Data-driven Structure Detection in Optimization: Decomposition, Hub Location, and Brain Connectivity

Abstract

Employing data-driven methods to efficiently solve practical and large optimization problems is a recent trend that focuses on identifying patterns and structures in the problem data to help with its solution. In this thesis, we investigate this approach as an alternative to tackle real life large scale optimization problems which are hard to solve via traditional optimization techniques. We look into three different levels on which data-driven approaches can be used for optimization problems.

The first level is the highest level, namely, model structure. Certain classes of mixed-integer programs are known to be efficiently solvable by exploiting special structures embedded in their constraint matrices. One such structure is the bordered block diagonal (BBD) structure that lends itself to Dantzig-Wolfe reformulation (DWR) and branch-and-price. Given a BBD structure for the constraint matrix of a general MIP, several platforms (such as COIN/DIP, SCIP/GCG and SAS/ DECOMP) exist that can perform automatic DWR of the problem and solve the MIP using branch-and-price. The challenge of using branch-and-price as a general-purpose solver, however, lies in the requirement of the knowledge of a structure a priori. We propose a new algorithm to automatically detect BBD structures inherent in a matrix. We start by introducing a new measure of goodness to capture desired features in BBD structures such as minimal border size, block cohesion and granularity of the structure. The main building block of the proposed approach is the modularity-based community detection in lieu of traditional graph/hypergraph partitioning methods to alleviate one major drawback of the existing approaches in the literature: predefining the number of blocks. When tested on MIPLIB instances using the SAS/DECOMP framework, the proposed algorithm was found to identify structures that, on average, lead to significant improvements both in computation time and optimality gap compared to those detected by the state-of-the-art BBD detection techniques in the literature.

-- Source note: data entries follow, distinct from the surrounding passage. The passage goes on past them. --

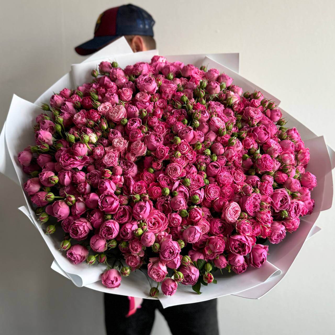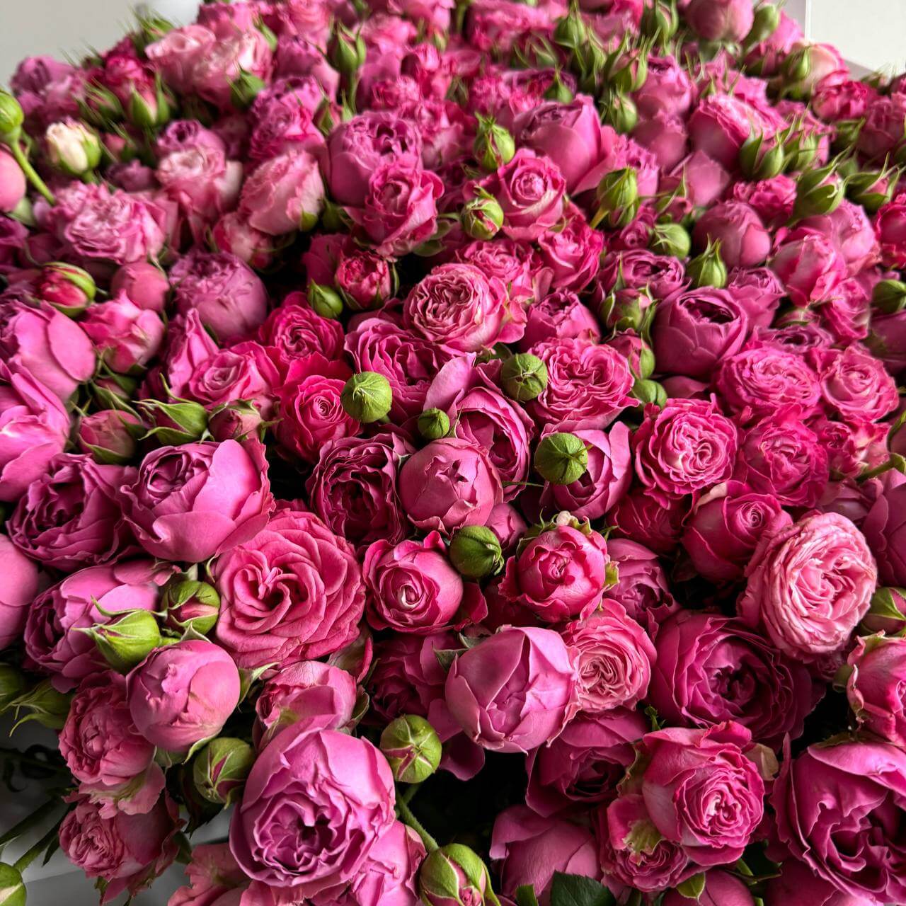 Классические кустовые розы. Отличаются объемом т.к на каждой ветке от 3 бутонов. Всегда в наличии большая цветовая гамма. После оформления заказа с вами свяжется менеджер и пришлет фото на выбор.
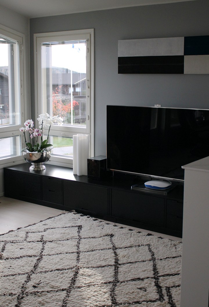 Ikean Malm-lipastoja meillä on ollut, mutta nyt en suorastaan muista mikä tämä setti oli nimeltään. Olisiko ollut Stockholm-sarjaa? Poistimme lipastoista jalat ja ne toimivat tv-tasona oikein hyvin.
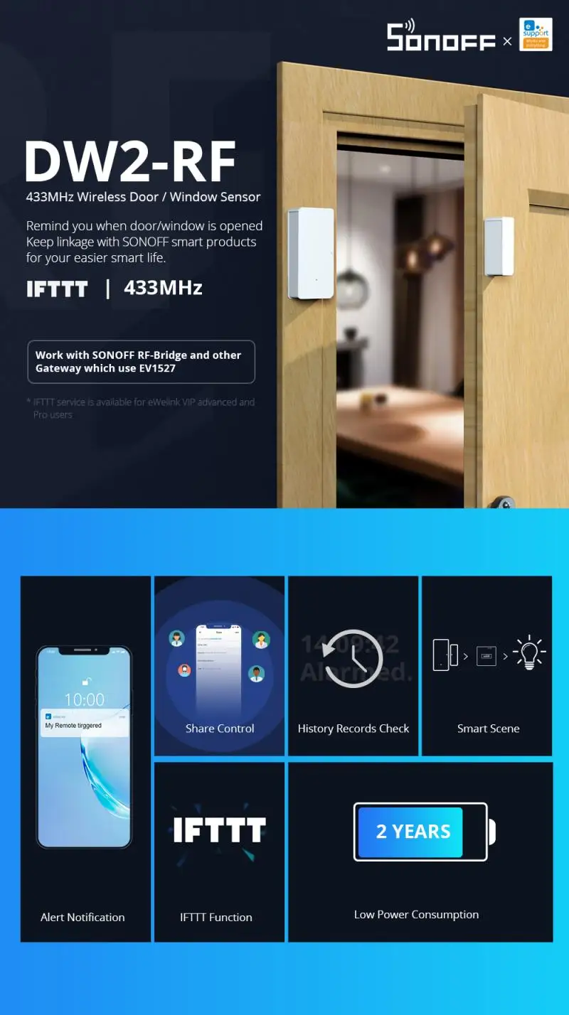 Датчик двери и окна SONOFF DW2, 433 МГц, с радиочастотным мостом, eWelink IFTTT
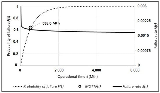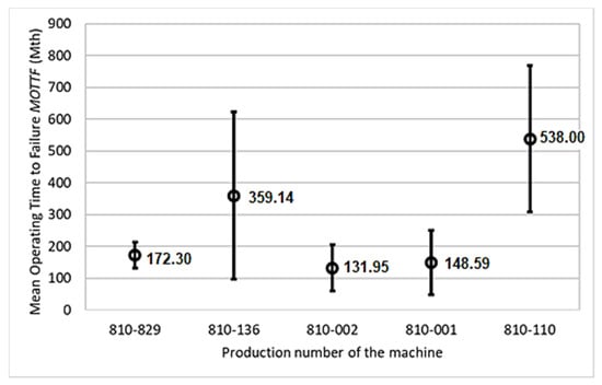 As the last indicator of reliability, there was a defined MOTTF. For all the observed machines, Weibull distribution and prediction were used, obtaining:

The second level is problem type where problem-specific patterns/characteristics are to be detected and exploited. We investigate hub location problem (HLP) as an example. HLP models the problem of selecting a subset of nodes within a given network as hubs, which enjoy economies of scale, and allocating the remaining nodes to the selected hubs. The main challenge of using HLP in certain promising domains is the inability of current solution approaches to handle large instances (e.g., networks with more than 1000 nodes). In this work, we explore an important pattern in the optimal hub networks: spatial separability. We show that at the optimal solutions, nodes are typically partitioned into allocation clusters in such a way that convex hulls of these clusters are disjoint. We exploit this pattern and propose a new data-driven approach that uses the insights generated from the solution of a smaller problem - low resolution representation - to find high quality solutions for the large HLPs.

The third and the lowest level is the instance level where the instance-specific data is explored for patterns that would help solution of large problem instances. To this end, we open up a new application of HLPs originating from human brain connectivity networks (BCN) by introducing the largest (with 998 nodes) and the first three-dimensional dataset in the literature so far. Experiments reveal that the HLP models can successfully reproduce similar results to those in the medical literature related to hub organisation of the brain. We conclude that with certain customizations and methods that allow tackling very large instances, HLP models can potentially become an important tool to further investigate the intricate nature of hub organisations in human brain.